Print the listing below a second time, exactly, and omit its images.

__Data shown__.
>>>>>

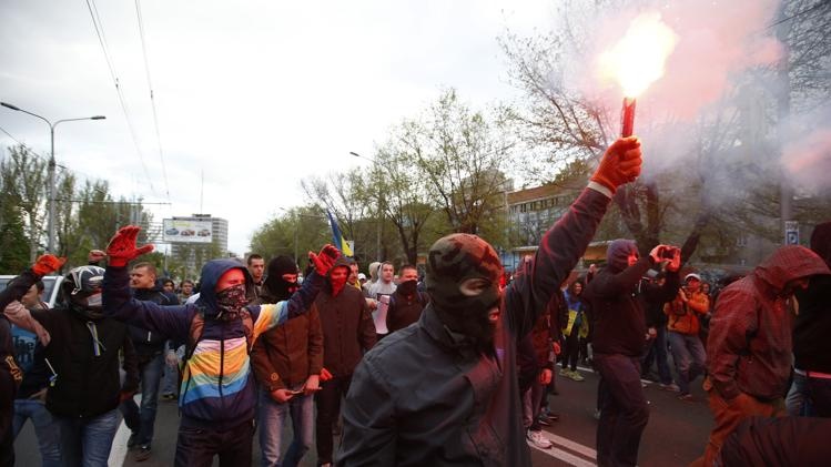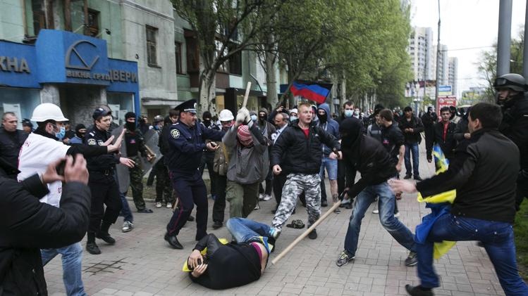 Những người ủng hộ và phản đối chính phủ Ukraina đánh nhau bằng gậy, đá, búa ở thành phố Donetsk khiến ít nhất 10 người bị thương vào ngày 28/4.
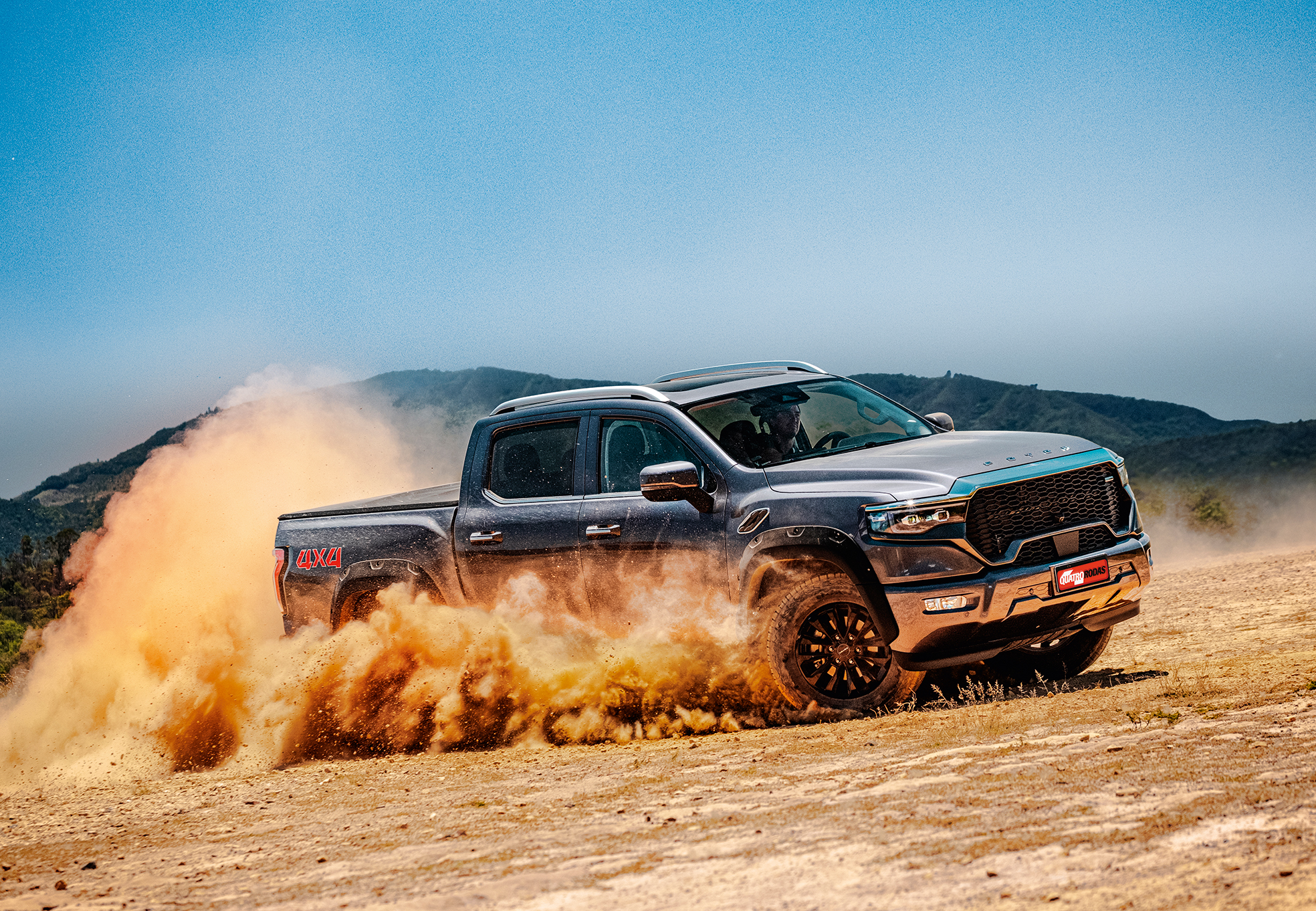 Neste momento, a Tunland é a única picape vendida no Brasil com a tecnologia híbrida leve. A combinação do motor 2.0 turbo diesel com um gerador entrega um total de 175 cv e 45,4 kgfm. São números bem abaixo da média do segmento de 200 cv e só superam os da Ford Ranger 2.0 (170 cv e 41,3 kgfm). O câmbio é automático de oito marchas. Com o torque chegando entre 1.500 e 2.600 rpm, o conjunto tem força para sair da inércia, mas perde fôlego acima de 60 km/h. O teste na pista confirmou a sensação, com a picape precisando de 14,7 segundos para ir de 0 a 100 km/h. De todas as picapes diesel atuais, a mais lenta testada por QUATRO RODAS foi a Titano 2025 (13,4 s).
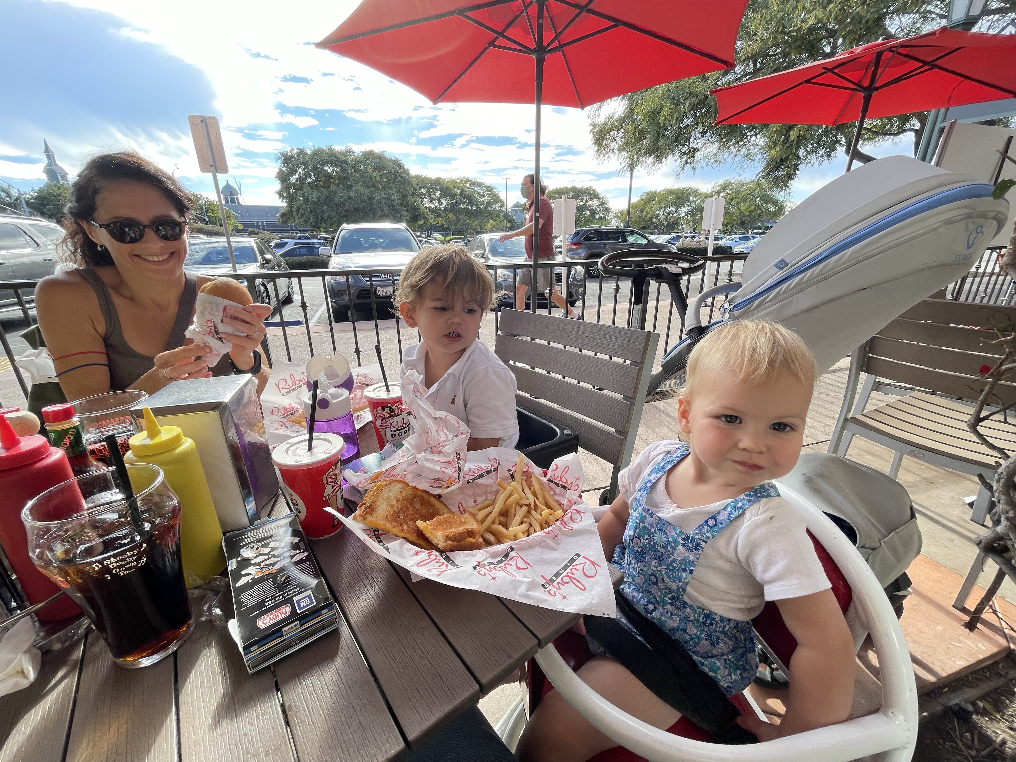 Mardi, la journée est consacrée aux enfants! Nous profitons et jouons tous les trois dehors (pendant que Guillaume travaille!)
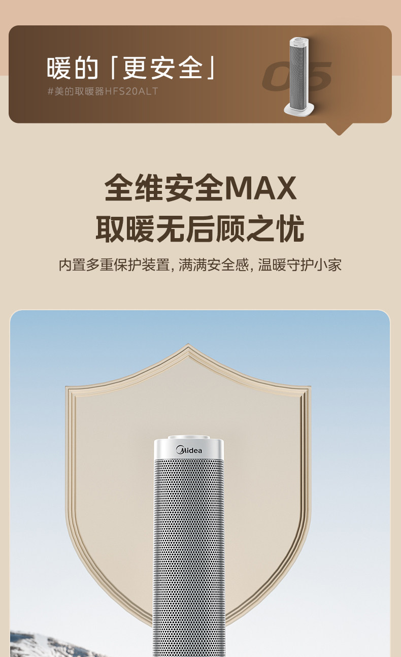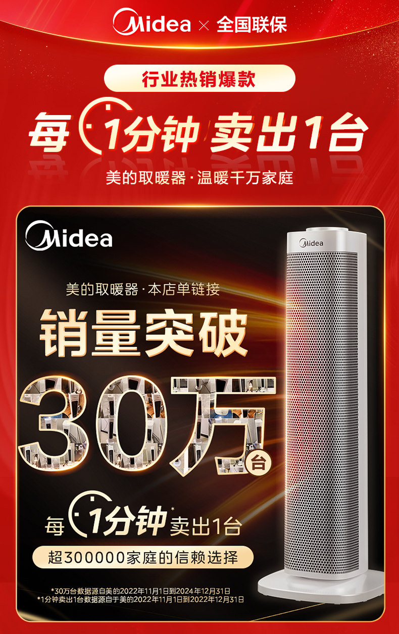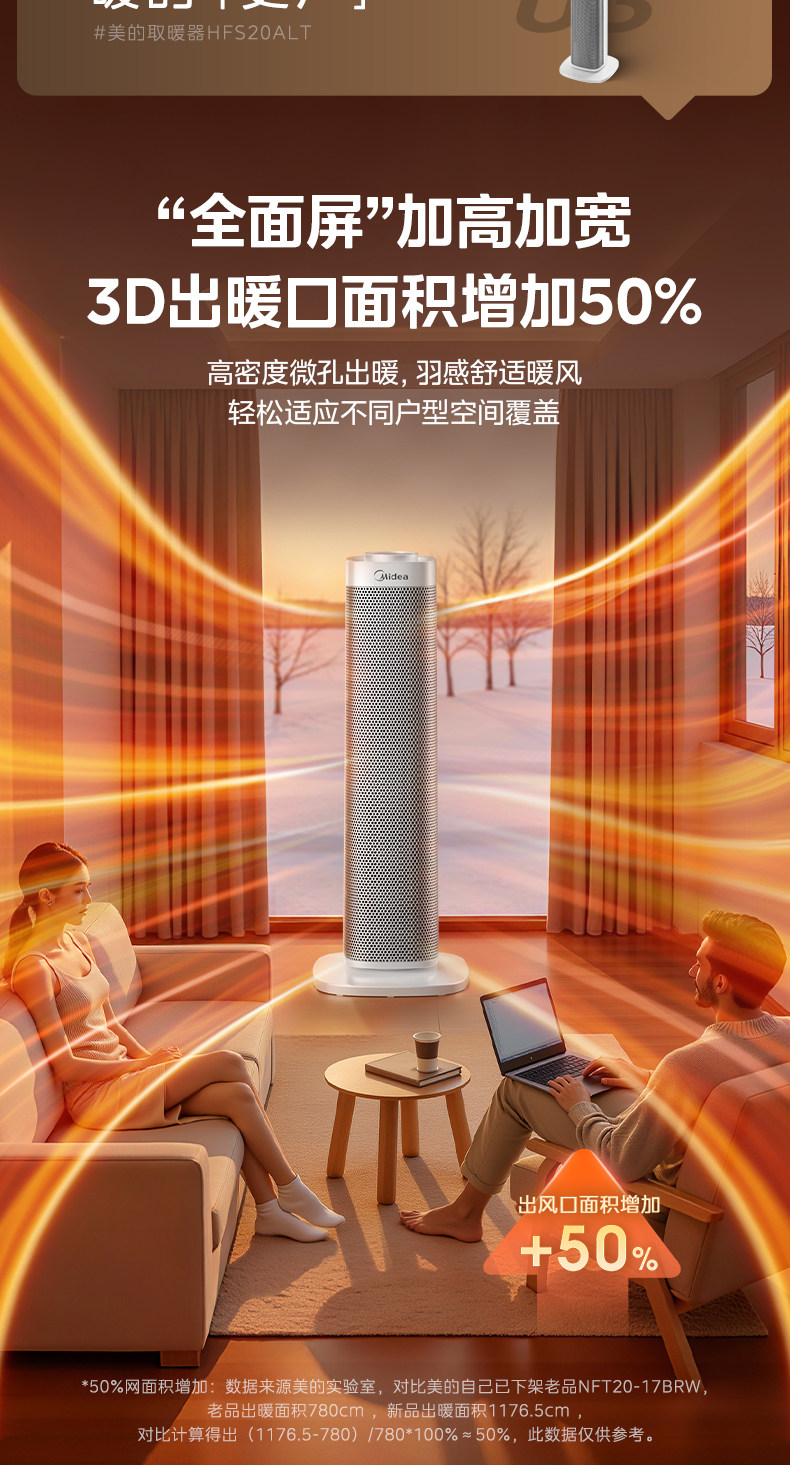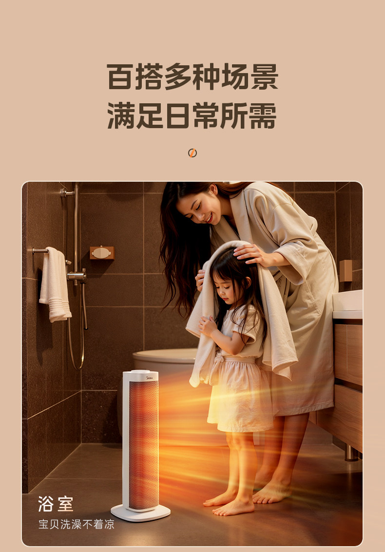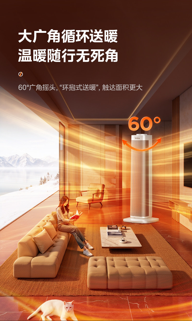 美的暖风机取暖器家用石墨烯电暖气炉节能小太阳2025新款神器冬季

<<<<<

__Solution for this problem__.
 Những người ủng hộ và phản đối chính phủ Ukraina đánh nhau bằng gậy, đá, búa ở thành phố Donetsk khiến ít nhất 10 người bị thương vào ngày 28/4.
 Neste momento, a Tunland é a única picape vendida no Brasil com a tecnologia híbrida leve. A combinação do motor 2.0 turbo diesel com um gerador entrega um total de 175 cv e 45,4 kgfm. São números bem abaixo da média do segmento de 200 cv e só superam os da Ford Ranger 2.0 (170 cv e 41,3 kgfm). O câmbio é automático de oito marchas. Com o torque chegando entre 1.500 e 2.600 rpm, o conjunto tem força para sair da inércia, mas perde fôlego acima de 60 km/h. O teste na pista confirmou a sensação, com a picape precisando de 14,7 segundos para ir de 0 a 100 km/h. De todas as picapes diesel atuais, a mais lenta testada por QUATRO RODAS foi a Titano 2025 (13,4 s).
 Mardi, la journée est consacrée aux enfants! Nous profitons et jouons tous les trois dehors (pendant que Guillaume travaille!)
 美的暖风机取暖器家用石墨烯电暖气炉节能小太阳2025新款神器冬季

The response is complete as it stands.